ARS is honoring four other Area Early Career Research Scientists. They are—
- Vanessa L. Corby-Harris, with ARS’s Honey Bee Research Unit, Tucson, Arizona (Pacific West Area), for outstanding research in honey bee nutrition and physiology leading to improved colony health. Corby-Harris’ contributions include the isolation and freeze-dried preparation of beneficial bacteria that limit the harm caused by the honey bee gut pathogen Nosema.
- Jay S. Johnson, with ARS’s Livestock Behavior Research Unit, West Lafayette, Indiana (Midwest Area), for research excellence in the field of animal welfare and productivity, including his discovery of a promising new antibiotic alternative, investigations into the postnatal impact of in-utero heat stress in swine, and for the evaluation and development of cooling pads for lactating sows vulnerable to heat stress, which costs the U.S. swine industry $900 million annually.
- Lauren M. Porensky, with ARS’s Rangeland Resources and Systems Research Unit, Fort Collins, Colorado (Plains Area), for multi-pronged research to understand the responses of semiarid rangeland plants to livestock grazing. Porensky’s work in the western Great Plains and East Africa established her as an authority on plant-livestock interactions and plant restoration methods for degraded lands.

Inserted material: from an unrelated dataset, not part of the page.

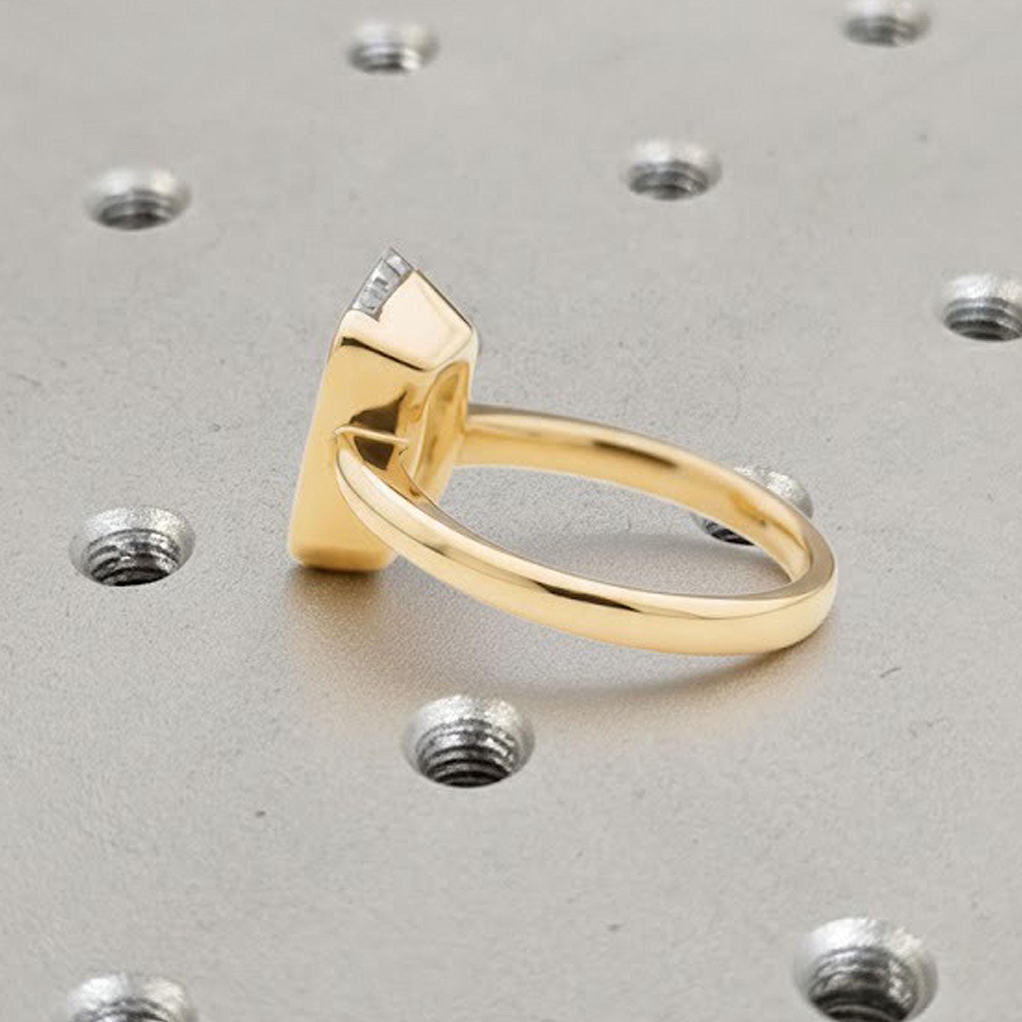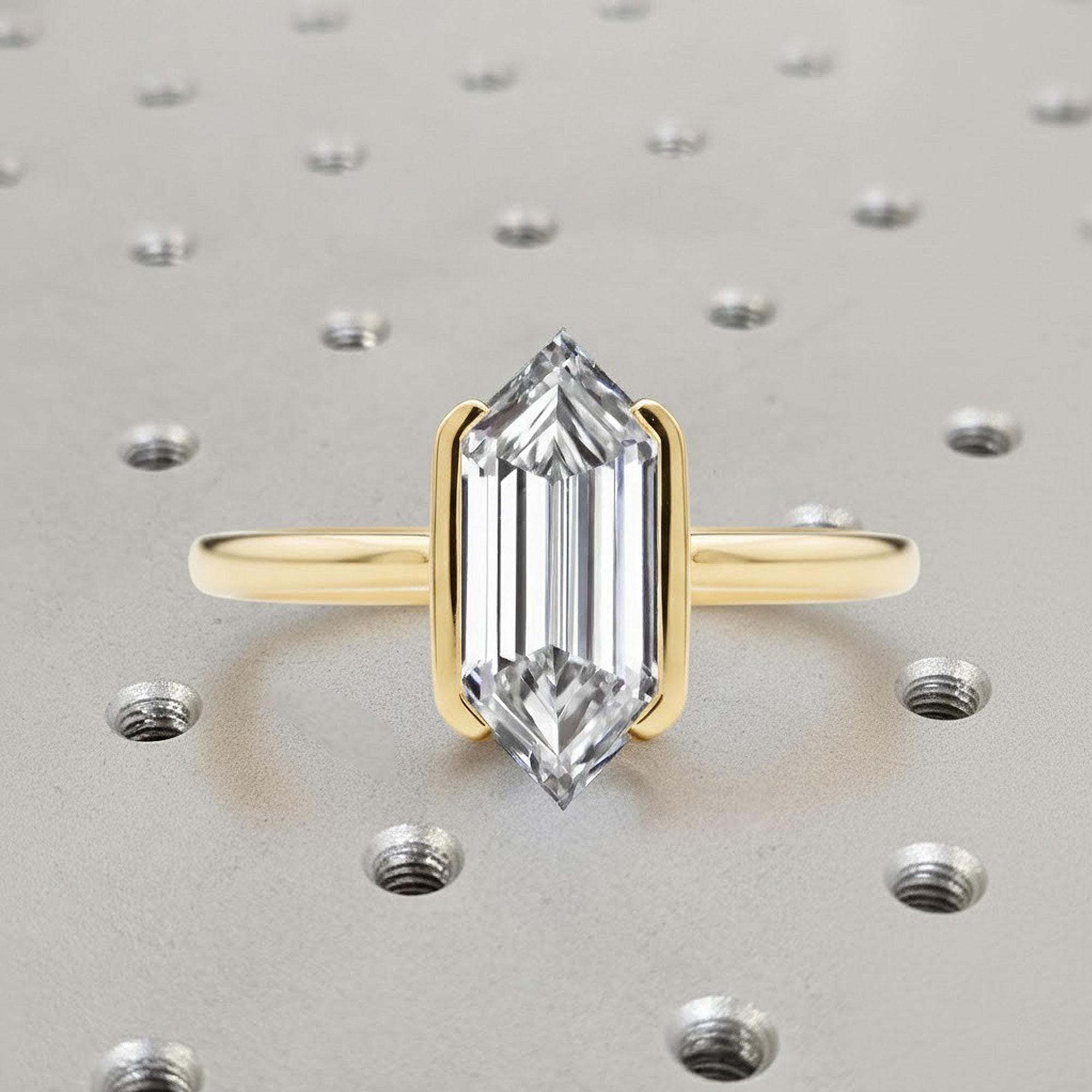 Modern geometry meets timeless elegance in this striking solitaire ring. Featuring an elongated hexagon-cut Lab-Grown Diamond secured in a sleek half bezel setting, the design balances bold lines with minimal sophistication. The open sides allow light to dance through the facets, enhancing the diamond’s brilliance while maintaining a clean, contemporary silhouette — perfect for the modern bride or anyone drawn to understated luxury.

- Majher I. Sarker, with ARS’s Biobased and Other Animal Co-products Research Unit, Wyndmoor, Pennsylvania (Northeast Area), for versatile research ranging from crop protectants and produce shelf-life extenders made from plant hormones, to a spray method for decontaminating cattle carcasses for improved meat safety and hide quality.
The agency also announced its 2019 ARS Technology Transfer Award winner. This Award recognizes individuals or groups who have done outstanding work in transferring technology to the marketplace.
This year’s winner is Judson V. Edwards, with ARS’s Cotton Chemistry and Utilization Research Unit in New Orleans. Edwards, together with ARS colleagues and collaborators in academia and private industry, co-developed a new nonwoven cotton gauze that quickly stanches bleeding and promotes wound healing. The product, known commercially as TACgauze, is made of greige cotton and is 33 percent lighter and 65 percent more absorbent than gauzes made of processed fibers. During trials, the nonwoven greige cotton gauze also triggered blood clotting more quickly—critical to military personnel and first responders when minutes count.
The Agricultural Research Service is the U.S. Department of Agriculture's chief scientific in-house research agency. Daily, ARS focuses on solutions to agricultural problems affecting America. Each dollar invested in agricultural research results in $20 of economic impact.